Mr Galam says that if turnout among Macron supporters is low enough, Ms Le Pen could even win the election with less than 50 per cent of the intention to vote. He said the same would hold true if centre-right candidate François Fillon contested the second round against Ms Le Pen.

According to one of his election models, a 90 per cent turnout rate for Le Pen voters on the second round, compared with 65 per cent for Macron, would give the far-right leader victory with 50.07 per cent.

Low turnout has already been a factor in other elections recently. Younger Britons, who were broadly against the UK leaving the EU, voted in slim numbers in last year’s Brexit referendum.
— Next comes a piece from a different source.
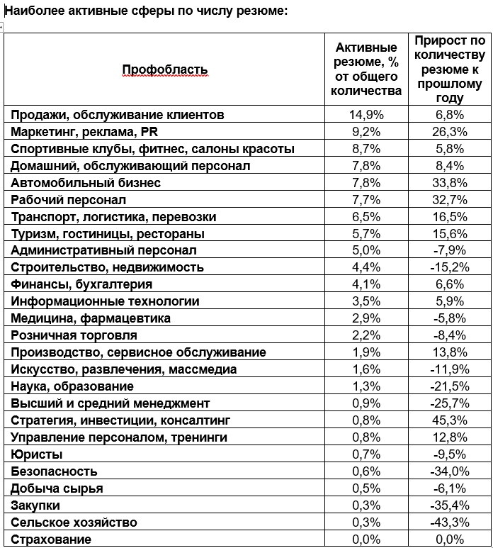 Особенно активно резюме размещают представители продажи, маркетинга, рекламы, PR, сферы обслуживания и домашнего персонала, что отражает спрос на рабочие места в данных отраслях.

The same was true for ethnical minorities in the US election voting for Hillary Clinton.

Léo Roussel, an agricultural worker from eastern France, is another who is unsure if he will support Mr Macron, even though he says he knows he should vote tactically to keep Ms Le Pen from power.
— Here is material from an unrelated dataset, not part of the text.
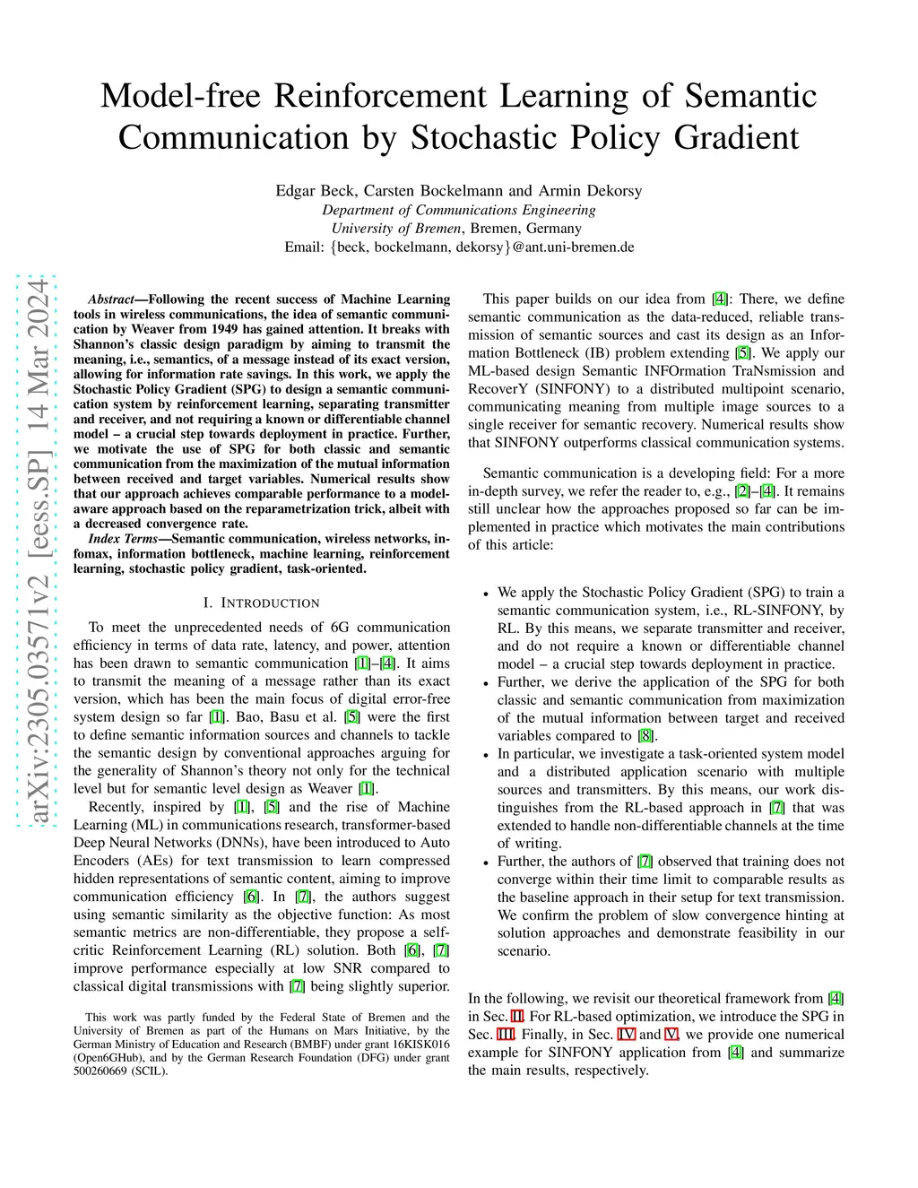 Following the recent success of Machine Learning tools in wireless communications, the idea of semantic communication by Weaver from 1949 has gained attention. It breaks with Shannon's classic design paradigm by aiming to transmit the meaning, i.e., semantics, of a message instead of its exact version, allowing for information rate savings. In this work, we apply the Stochastic Policy Gradient (SPG) to design a semantic communication system by reinforcement learning, separating transmitter and receiver, and not requiring a known or differentiable channel model -- a crucial step towards deployment in practice. Further, we derive the use of SPG for both classic and semantic communication from the maximization of the mutual information between received and target variables. Numerical results show that our approach achieves comparable performance to a model-aware approach based on the reparametrization trick, albeit with a decreased convergence rate.

“I’m not saying Macron is a bad guy,” says the 42-year-old, who was attending a Paris rally to support his favoured candidate, far-left leader Jean-Luc Mélenchon. “But he’s a millionaire financier and I’m a leftwing farmer — I don’t think I could vote for him as a point of principle.”

In past elections, a so-called “Republican front” has developed, where France’s political left and right have, when necessary, systematically united to defeat the far-right.
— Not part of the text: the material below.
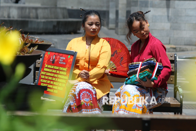 REPUBLIKA.CO.ID, BANDUNG -- Aksi teaterikal berjudul Inggit dan Kain Batik Tan Tjoei Gin bersama komunitas Mataholang dalam rangka memperihati Hari Ulang Tahun istri pertama Presiden RI Soekarno yaitu Inggit Garnasih ke-138 dan Harmoni Imlek 2026, di kawasan Baraga, Kota Bandung, Selasa (17/2/2026).

When Jean-Marie Le Pen, Ms Len Pen’s father and FN founder, made it to the run-off in 2002, voters turned out in droves to defeat him, with turnout rates of 80 per cent.

Some believe a similar pact will form this year. “The FN is too controversial to rally enough voters to win in the second round,” says Sylvain Broyer, chief economist at Natixis.

But this Republican front has been fraying. Latest polls reveal that millions of voters from the traditional right and left of French politics are willing to cast their ballot for Ms Le Pen in the second round if their favoured candidate is eliminated. Such is the dislike for mainstream politics, even more are said to be planning to abstain.

Mélissandre Mallee, a 24-year-old friend of Ms Robin, says there will be little enthusiasm to vote in her social circle if the second round pits Mr Macron against Ms Le Pen.

“Macron is the same as all the other politicians who went to the same schools and eat at the same restaurants . . . Most of us will probably abstain if he is the only other choice to Le Pen.”